Boil the head in the water with the ham, onion, turnip, and carrot sliced, and the chopped herbs. Cover, and stew slowly until the bones fall from the meat. Take out the head; return the bones to the soup. Divide the meat into two portions; set by one to cool for present use; put the other, highly seasoned, into a large bowl, and strain half the stock over it. When cool, set on the ice for to-morrow. Chop the calf’s ears, and the less desirable parts of the meat reserved for to-day, fine, and put back upon the bones in the soup. Boil gently half an hour. Meantime, put the butter into a frying-pan, and when hot, stir in the flour. It must not get at all brown. When it is again bubbling hot, stir in a cupful of the soup; boil one minute, and pour it out to cool. Strain your soup; stir in the cooled mixture; boil up and skim, when you have seasoned quite highly; put in three or four handfuls of meat-dice cut up from the fat, gelatinous parts of the cold head; simmer to a boil; pour into the tureen, add the milk, boiling hot, and send to table.
Calf’s Liver and Bacon.
3 lbs. of fresh liver; 1 lb. of streaked bacon; juice of a lemon; 1 tablespoonful of flour, and same of butter; pepper, salt, and onion.

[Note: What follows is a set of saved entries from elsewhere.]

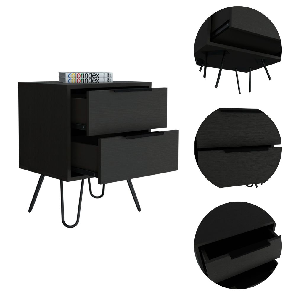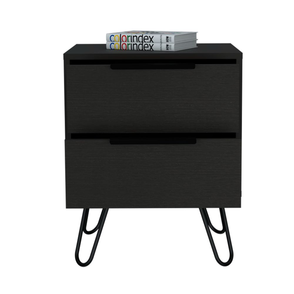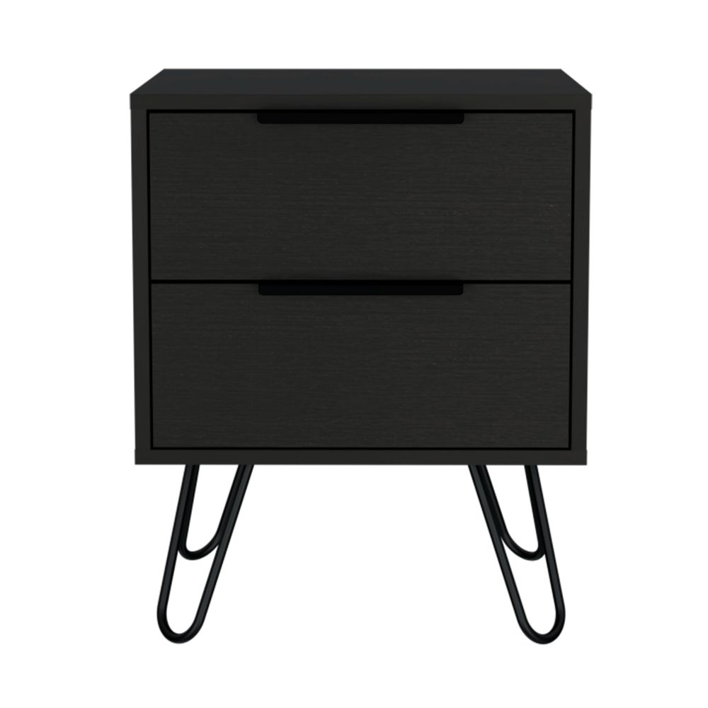 This modern nightstand is a stylish addition to any bedroom. It offers convenient storage with two drawers, helping you keep your items organized and within reach.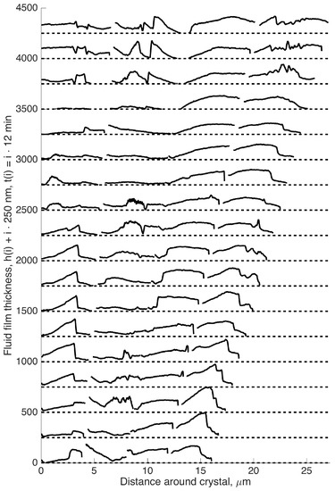 Profiles of the crystal: glass distance (fluid film thickness), h, around the rim of Crystal B at different times. Each new profile is shifted 250 nm up to separate them.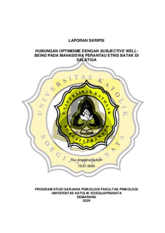 GULTOM, TIUR ANGELINA (2026) HUBUNGAN OPTIMISME DENGAN SUBJECTIVE WELLBEING PADA MAHASISWA PERANTAU ETNIS BATAK DI SALATIGA. S1 thesis, UNIVERSITAS KHATOLIK SOEGIJAPRANATA.
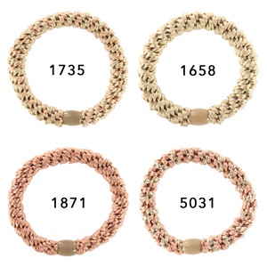 Smukke og farverige hårfjedre fra Kknekki. Hårene er skabt med en unik væveteknik, der gør den elastiske blide på håret og smertefrit at trække ud efter et sæt. Denne pakke leveres med 4 elastiske, og når de ikke sidder i håret, kan de bruges som stilfulde armbånd.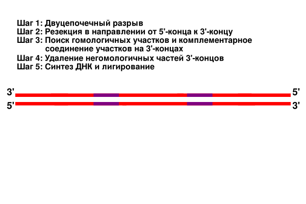 Известно два основных механизма гомологичной рекомбинации: путь репарации двуцепочечных разрывов (DSBR-путь), также известный как модель двойной структуры Холлидея, и путь синтезозависимого отжига цепи (SDSA-путь)[33]. Оба начинаются одинаковым образом. Когда двуцепочечный разрыв в цепи обнаружен, белковый комплекс MRX (у человека MRN) встает по обе стороны от разрыва, после чего следует отрезание 5'-концов, проходящее в два отдельных этапа. Первый этап заключается в том, что MRX в паре с белком Sae2 вырезают 5'-концы цепи около разрыва, тем самым оставляя выступающие 3'-концы. Второй этап 5' → 3'-отрезания продолжает геликаза Sgs1 и нуклеазы Exo1 и Dna2. Sgs1 «расстёгивает» двойную спираль, а Exo1 и Dna2 создают разрывы в одноцепочечной ДНК, высвобожденной Sgs1[27].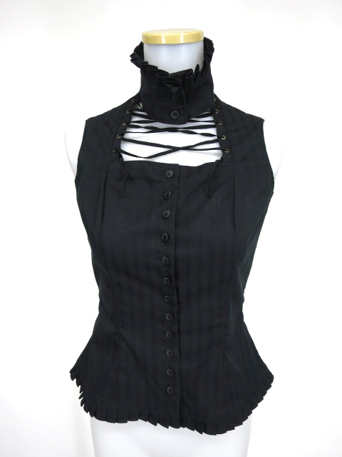 ■編み上げ付きノースリーブブラウス 黒 胸に編み上げのついたデザインのノースリーブブラウスです。 |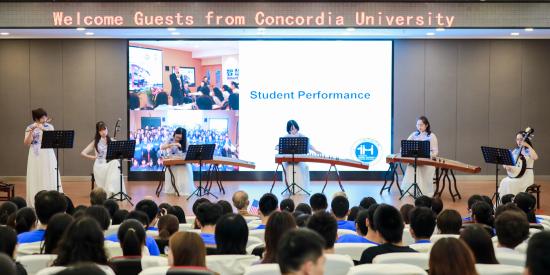2019级康复治疗学(中外合作办学)专业美方见面会在副校长龚春蕾的致辞中开启,龚校长代表学校感谢威斯康星协和大学在项目发展、教师选派、留美学生支持等方面所提供全方位支持及鼓励,学生及家长反馈评价颇高,并积极评价康复治疗学(中外合作办学)专业学生在语言学习等方面所取得的成绩,寄语新生今后在从事康复治疗学方面的工作时,将 “身、心、智方面”全方位地帮助病人。威斯康星分校校长Pat Ferry激励新生克服内心障碍,积极面临挑战,CUW致力于帮助大家适应异国生活,确保大家度过充实、快乐的留学生活。分管国际事务副校长David Birner讲话中提到,自己一直关注2019级新生的情况,对于学生的基本信息都很熟悉,期待将来学生可以亲临CUW校园,感受CUW学习及国际化氛围。远在大洋彼岸的35名2017级留学同学特别制作了美国学习、生活视频,与学弟学妹们分享CUW留学生活。为欢迎校长团一行来访,健康学院学生在专业老师赵婉茹带领下,为在场嘉宾带来具有中国传统文化特色的乐器表演。最后,学生们就学习、生活、饮食、住宿等方面用英语积极互动,CUW校方耐心地逐一回复。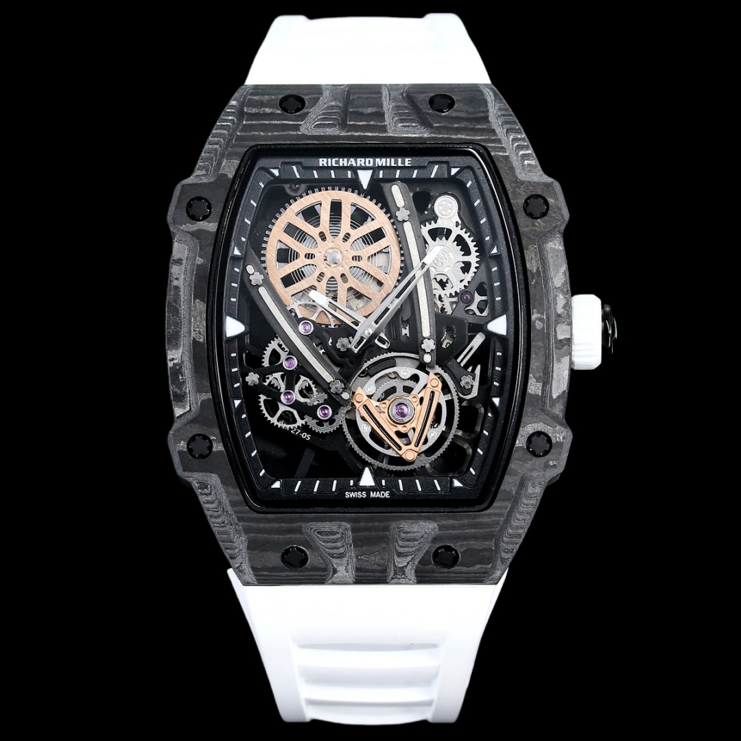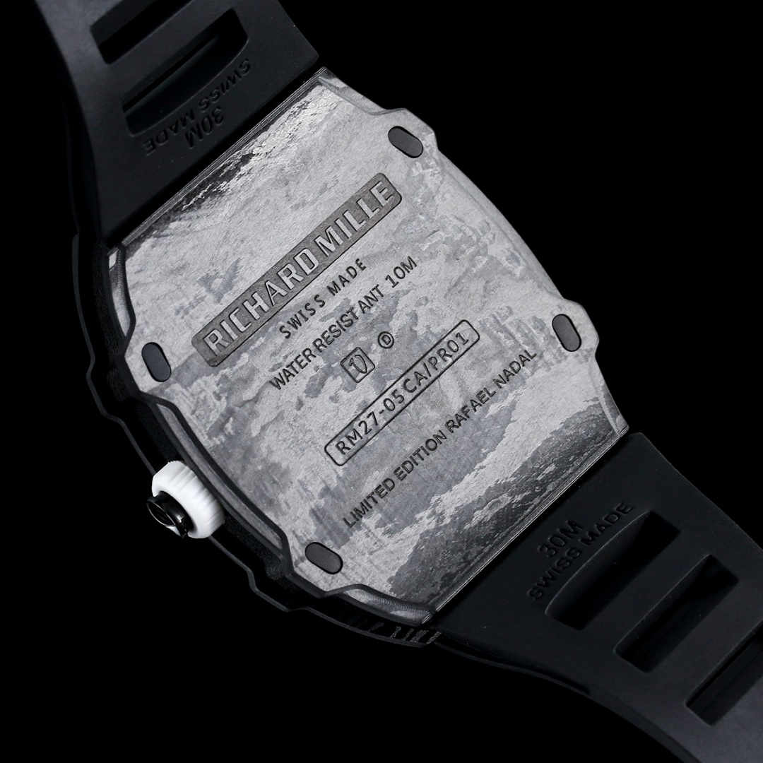 RM 27-05 فلاينج توربيون رافائيل نادال ساعة توربيون عائمة – خفيفة للغاية ورقيقة للغاية. تزن الساعة بأكملها 38 جرامًا فقط (بما في ذلك الحزام)، ويبلغ سمك العلبة حوالي 9 ملم فقط. حجم الساعة بالكامل 37.25×47.25×9 ملم. أطلق ريتشارد ميل للتو منتجًا مشتركًا جديدًا رائعًا مع لاعب التنس الشهير رافائيل نادال – ساعة التوربيون العائمة “RM 27-05 Flying Tourbillon Rafael” Nadal، الساعة بأكملها خفيفة للغاية ويمكنها تحمل تأثيرات التسارع التي تصل إلى 14000 جرام. إنها أخف وأقوى ساعة توربيون في العالم حتى الآن. استغرقت ساعة RM 27-05 هذه 5 سنوات لتطوير مادة جديدة مركبة من ألياف الكربون – “الكربون TPT® B.4”. هذه المادة عالية التقنية أكثر كثافة بنسبة 4% من الكربون TPT® التقليدي، كما تم زيادة صلابة الألياف بنسبة 15%، وزيادة قوة الراتنج بنسبة 30%. وقد تم تحسين هيكل المادة بشكل متباين الخواص ليظل خفيفًا وقويًا للغاية، مما يوفر أقوى مقاومة للصدمات في هذه السلسلة حتى الآن. تستخدم مرآة الساعة الجديدة بوليمر خفيف الوزن PMMA بدلاً من كريستال الياقوت التقليدي، مما يجعل الساعة بأكملها أخف وزنًا مع توفير شفافية أعلى وأداء مضاد للتوهج. يقدم الميناء المجوف المفتوح بالكامل جماليات ميكانيكية هندسية فريدة من نوعها – تشكل لوحة الجسر على شكل حرف V وجبيرة التوربيون تأثيرًا بصريًا مذهلاً، ويظهر البرميل المجوف مباشرة حالة التعبئة، والساعة 2 هي نظام تروس التعبئة، ونظام تروس الساعة 8 مكدس لتكوين اتصال مثالي.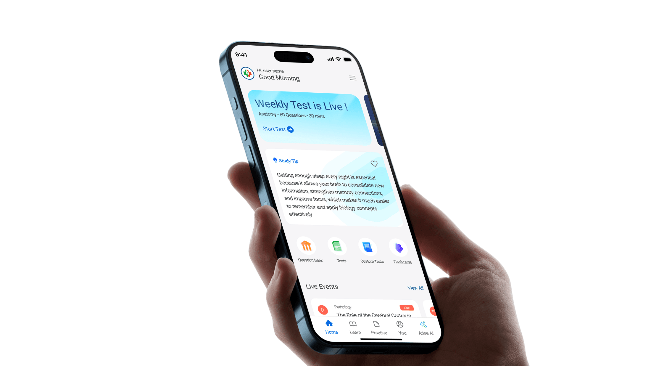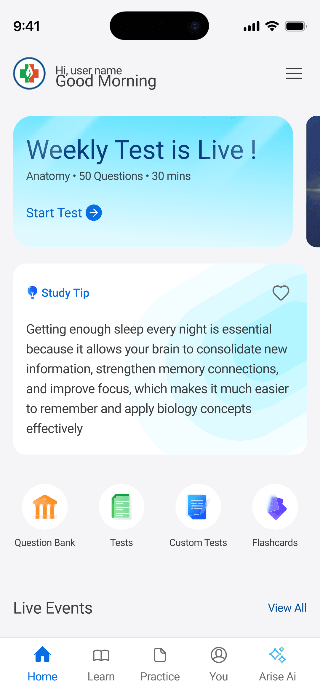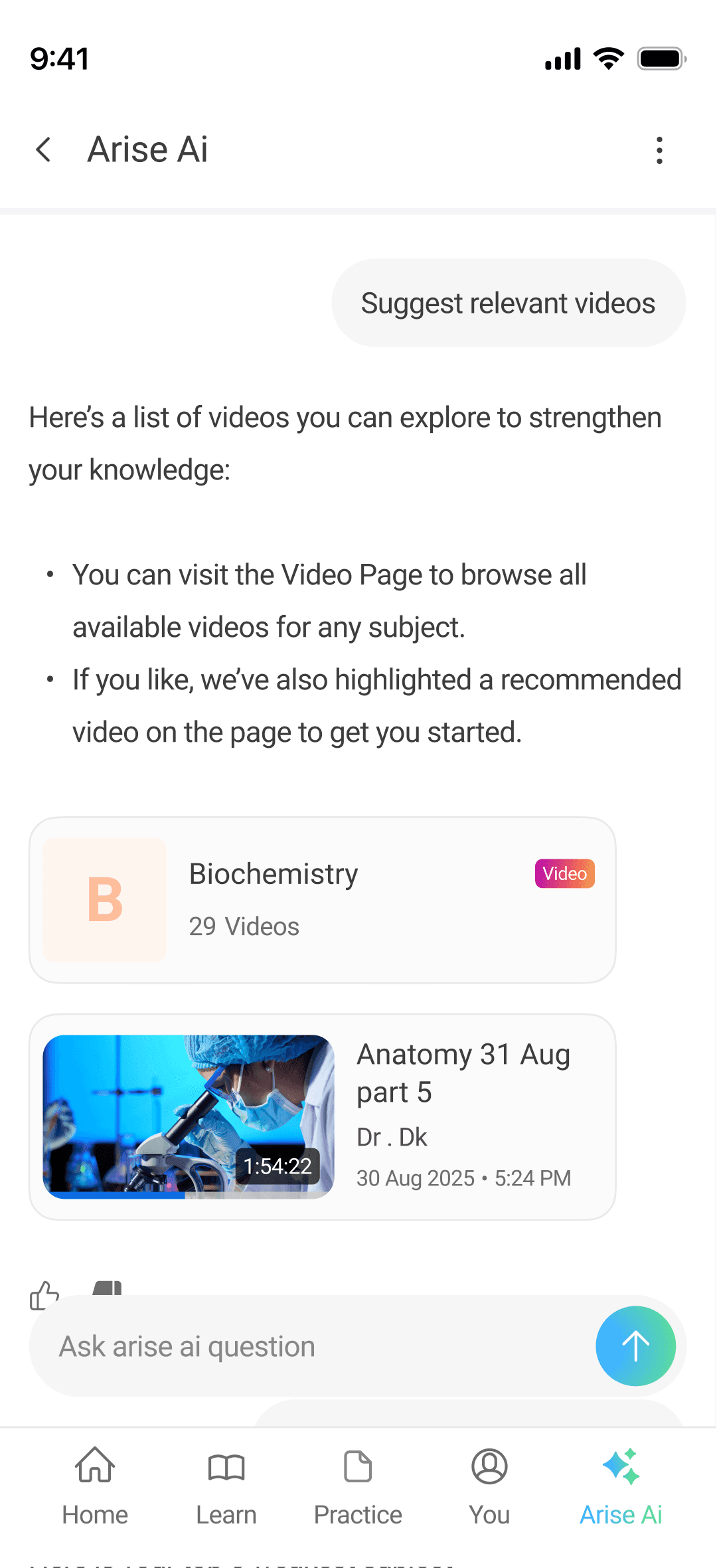 The Arise Medical Academy app was redesigned to introduce AI-assisted learning that helps students study smarter. By integrating AI systems trained on the platform’s existing academic resources—such as notes, PDFs, videos, and question banks—the app can analyze student behavior, track performance across subjects, and provide personalized insights. These intelligent systems review learning patterns, identify strengths and weak areas, and recommend what students should focus on next to improve their results.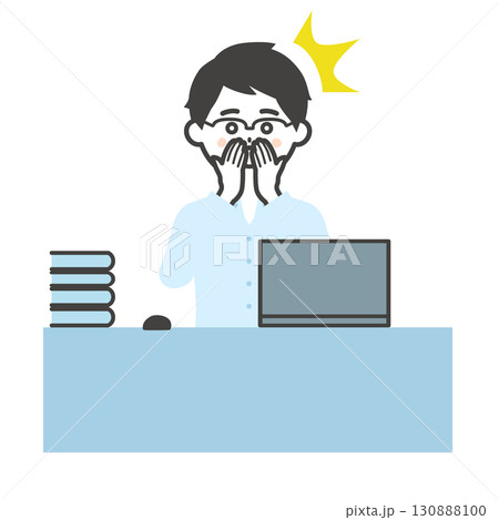 一名男子在辦公桌上使用筆記型電腦,驚訝地用手摀住嘴巴的插圖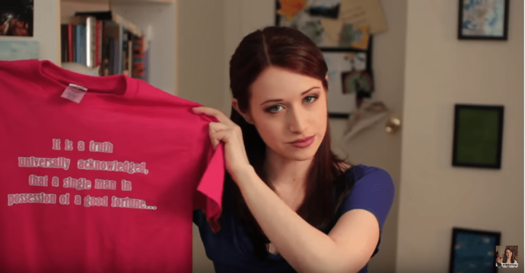 Richtig, es ist Stolz und Vorurteil von Jane Austen – oder besser gesagt in diesem Fall ist es Pride and Prejudice im englischen Original, denn der deutsche Einstieg gefällt mir zumindest in der übersetzten Ausgabe, die ich von Austens Werken besitze, nur halb so gut. Außerdem ist es ebenjener englische Satz, der als T-Shirt-Spruch von einer gewissen Lizzie Bennet in die Kamera gehalten wird, um eine Vlog-Serie über ihr Leben zu starten. Und darüber möchte ich hier etwas erzählen: The Lizzie Bennet Diaries.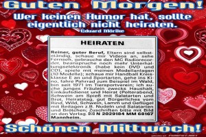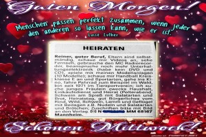 | Guten Morgen! Weisheit zum Heiraten Bild (673.17 KB) Herziges → guten-Morgen-Bilder → Mittwoch Guten Morgen | Herziges → guten-Morgen-Bilder → Mittwoch | 31.05.-21:32 | |||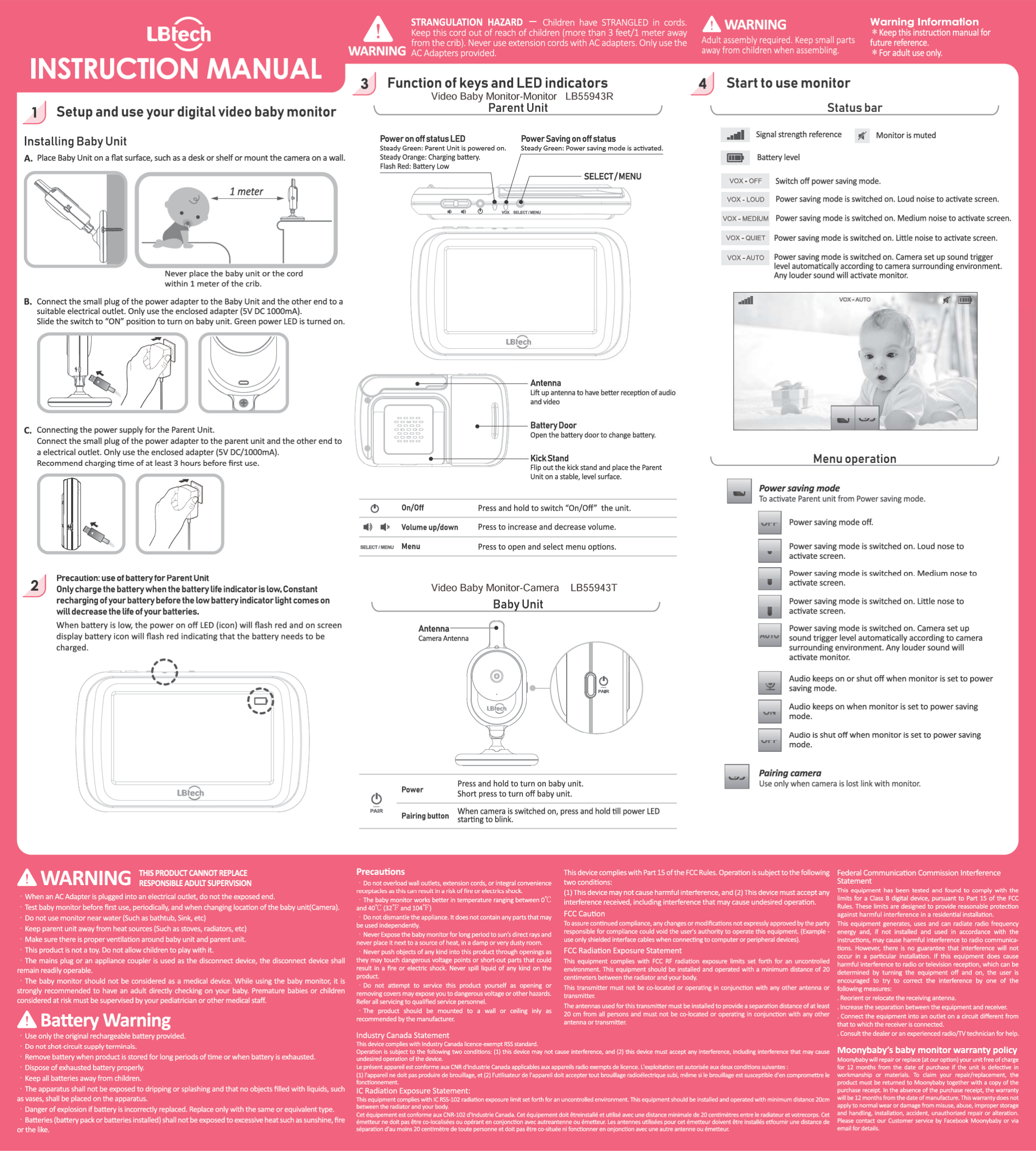 LB Technology 55943TR Video Baby Monitor-Camera User Manual UserManual

Soak the liver in cold water fifteen minutes; wipe dry, and cut in strips an inch wide, and three long. Cut as many thinner strips of bacon, and fry these three minutes in their own fat; take out and keep hot while you fry an onion—sliced—with the liver in the same fat. Salt, pepper, and dredge the liver in flour before it goes in. When it is done lay in two rows, the length of the dish, with a strip of bacon between each piece and the next. Strain the fat, and return to the pan with a cupful of hot water, the butter rubbed into the flour, and, when it has boiled up, the juice of a lemon. Pour over the liver. Pass mustard with this dish.
Breaded Egg-plant.
Slice half an inch thick, and lay in salt and water one hour, with a heavy plate on top to keep them under. Then wipe dry, dip in beaten egg, roll in cracker-crumbs, and fry in hot lard or dripping. Drain, pepper and salt them, and serve.
String-Beans.
Be doubly careful, as the season advances, to pare off the toughening fibres on both sides. Cut in short pieces; boil in hot salted water forty minutes, drain, pepper, salt, and butter.